● **INSTRUCTIONS FOR THE TASK**
Could the listing below be reproduced exactly, minus its pictures?

● **PROVIDED MATERIAL**
++++
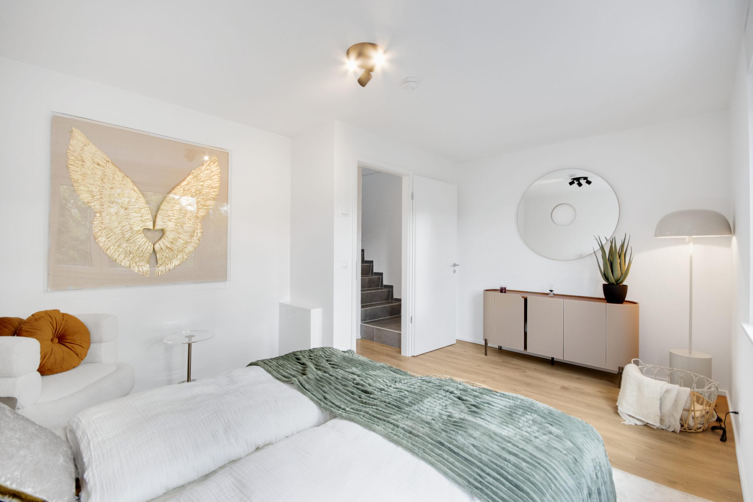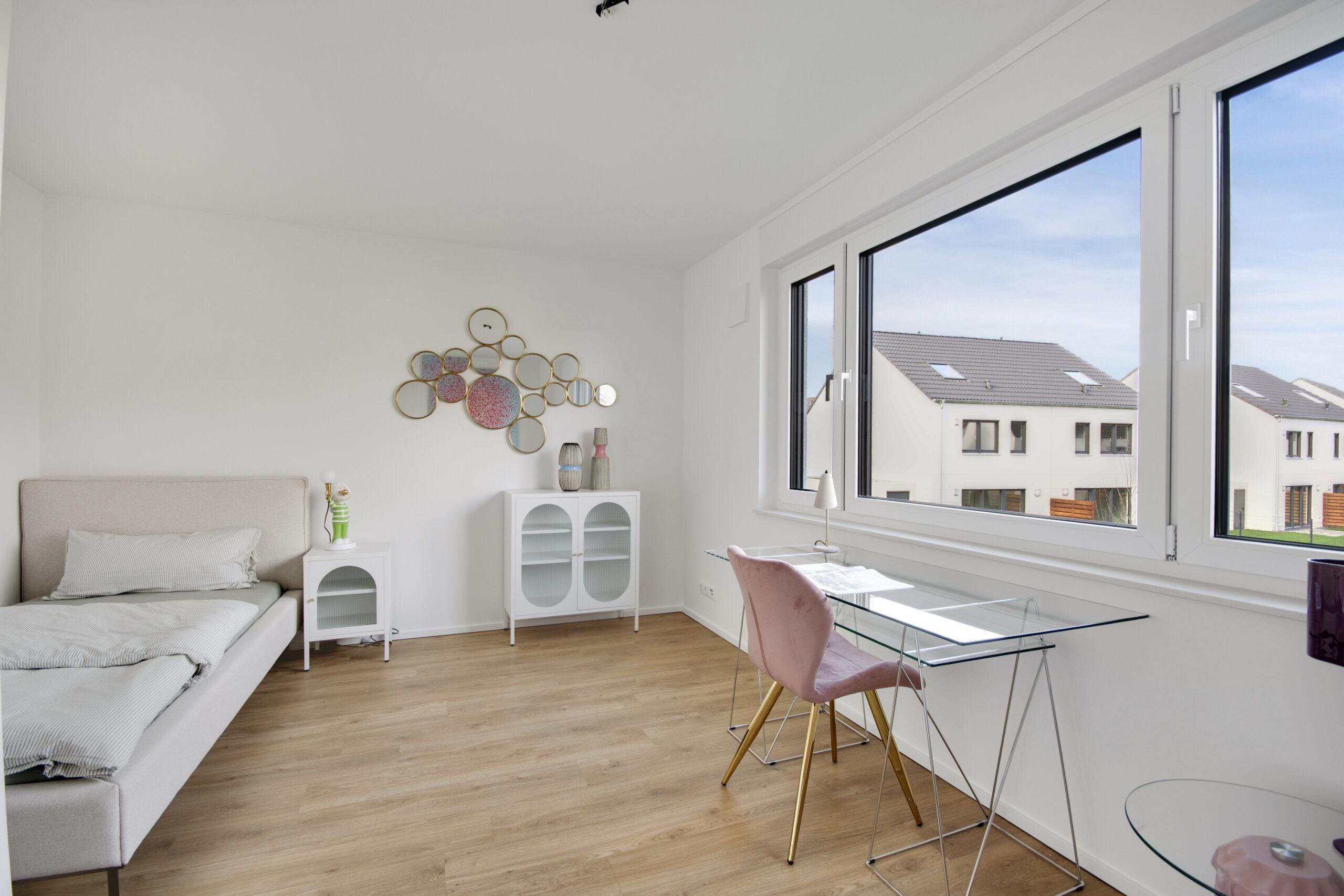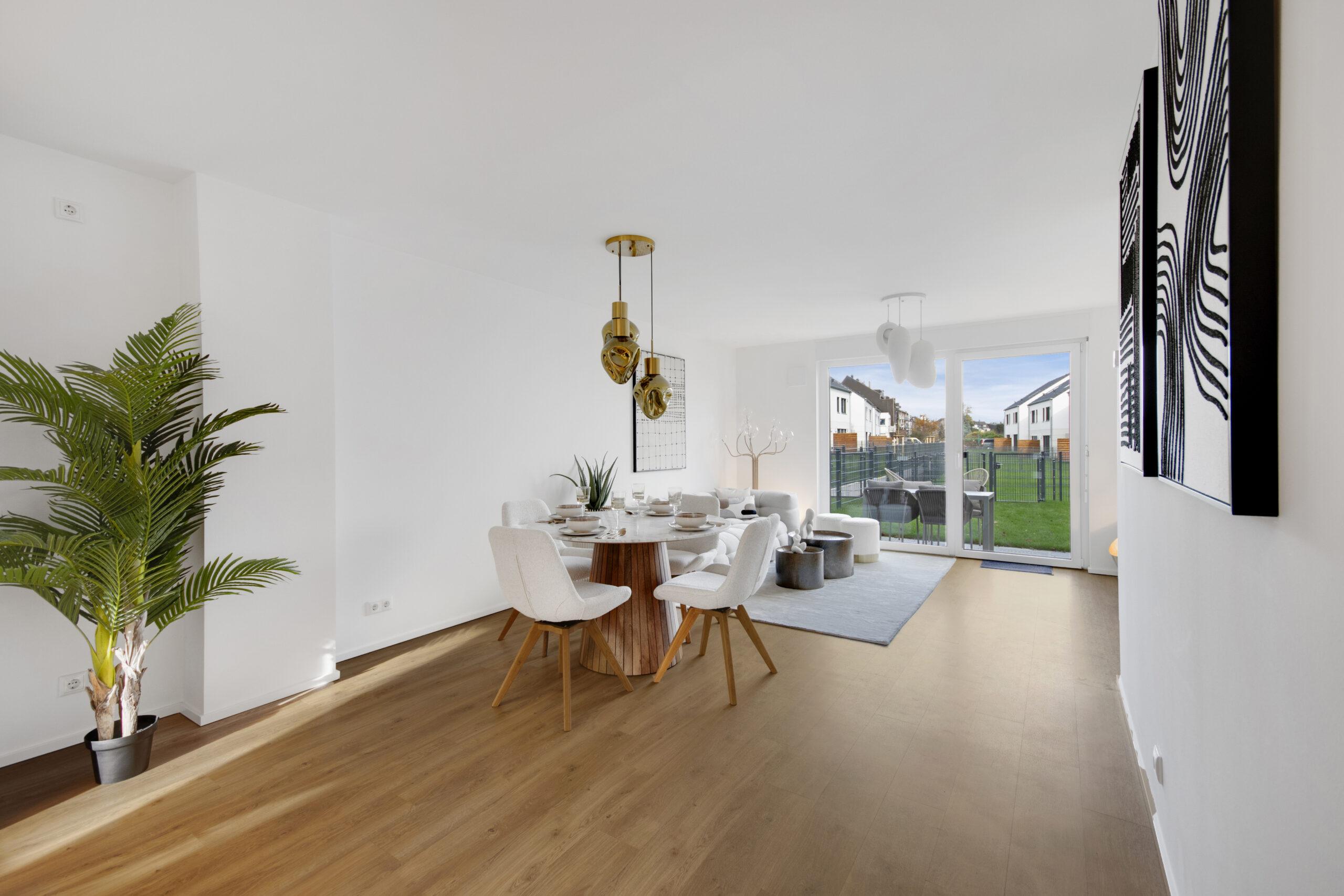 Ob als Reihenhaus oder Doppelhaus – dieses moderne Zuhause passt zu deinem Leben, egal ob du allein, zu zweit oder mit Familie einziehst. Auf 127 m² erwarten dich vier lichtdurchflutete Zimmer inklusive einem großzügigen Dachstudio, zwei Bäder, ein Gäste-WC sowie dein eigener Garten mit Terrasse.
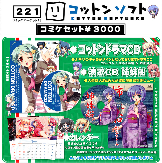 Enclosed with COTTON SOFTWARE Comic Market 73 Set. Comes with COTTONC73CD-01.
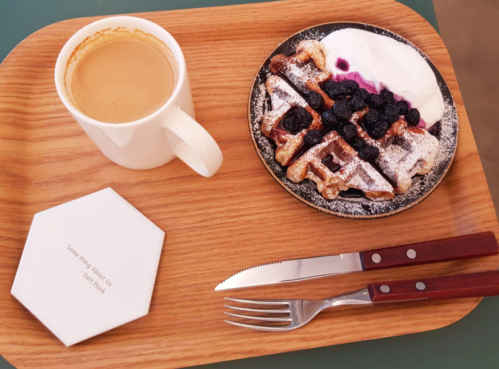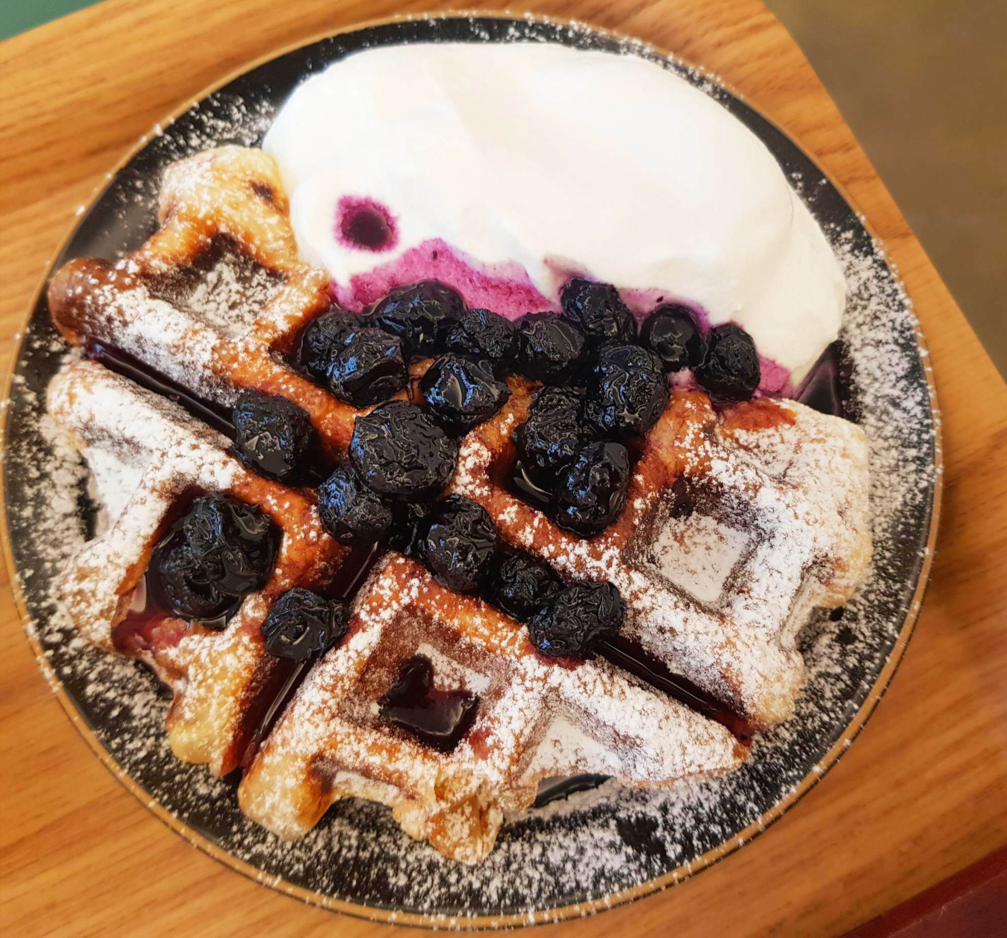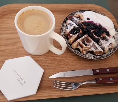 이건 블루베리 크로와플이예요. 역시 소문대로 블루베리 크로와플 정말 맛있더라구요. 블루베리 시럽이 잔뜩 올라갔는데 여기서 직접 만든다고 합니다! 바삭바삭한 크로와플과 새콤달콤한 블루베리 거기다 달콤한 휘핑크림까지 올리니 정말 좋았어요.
++++
● **TASK OUTPUT**
 Ob als Reihenhaus oder Doppelhaus – dieses moderne Zuhause passt zu deinem Leben, egal ob du allein, zu zweit oder mit Familie einziehst. Auf 127 m² erwarten dich vier lichtdurchflutete Zimmer inklusive einem großzügigen Dachstudio, zwei Bäder, ein Gäste-WC sowie dein eigener Garten mit Terrasse.
 Enclosed with COTTON SOFTWARE Comic Market 73 Set. Comes with COTTONC73CD-01.
 이건 블루베리 크로와플이예요. 역시 소문대로 블루베리 크로와플 정말 맛있더라구요. 블루베리 시럽이 잔뜩 올라갔는데 여기서 직접 만든다고 합니다! 바삭바삭한 크로와플과 새콤달콤한 블루베리 거기다 달콤한 휘핑크림까지 올리니 정말 좋았어요.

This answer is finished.